Do you allow yourself to reach out to others? Do you let them know when you need some help, support, and/or encouragement? Sometimes we feel the most alone when we’re hiding our needs behind a mask, a facade, of being totally fine, of not needing anyone or anything .
We all have needs. We all have times when we’re struggling, and we could use a helping hand. Our needs are nothing to feel embarrassed about, and hiding them can keep them from being met.
When we allow our struggles to be seen, and when we ask for what we need, we help give others the freedom to also reach out. It might take courage to allow ourselves to be seen in such an honest way, but once we do, it can be very liberating!
Think about not having to maintain a false image. Think about actually getting the assistance and support that you crave. Pretending has a lot of drawbacks, and one pretense can build upon another. Life can get complicated!
If you’re used to living behind a facade, immediately dropping that in its entirety can be pretty scary. It might be easier to do it in small steps. Is there someone you know, who might feel more approachable? You want to reach out to a person who has shown empathy to others.
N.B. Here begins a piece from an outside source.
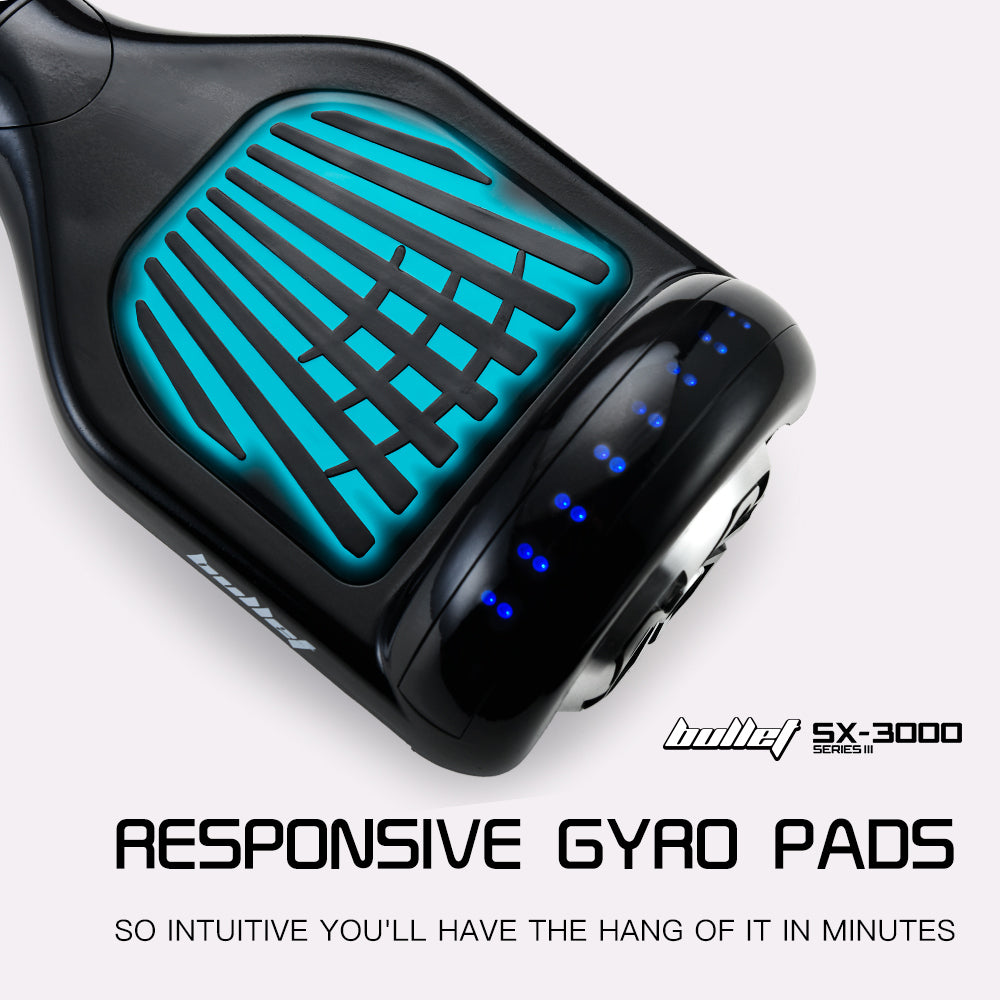 The NEW Bullet SX-3000 Series III Electric Hoverboard Scooter brings a whole new concept of travel to the streets. This state-of-the-art self-balancing device reacts instinctively to your body's shifting movements for highly responsive acceleration, turning and reversing.

Reaching out to people who are judgmental, harsh, or uncaring can make you want to jump right back to the shelter of a mask, so choose wisely. Choose someone who is patient, kind, and generous with their time and attention. Once you’ve learned to be more comfortable with opening up to one person, in time you can begin to reach out to others.
Please think about the benefit of living your life from a place of honesty and authenticity. If I can help you move forward, just let me know. I promise you that it will be worth whatever effort it takes.
Until next time,
Linda
Thank you for posting this Linda. I think this is a really important issue, especially in the US where many people still feel a stigma about mental heath that can prevent them from getting help that they may need.
I’m glad you felt the post had merit, Lynn. It is so important that we take the stigma away from seeking help for either emotional or mental struggles. When our needs are being met, the quality of our lives goes up.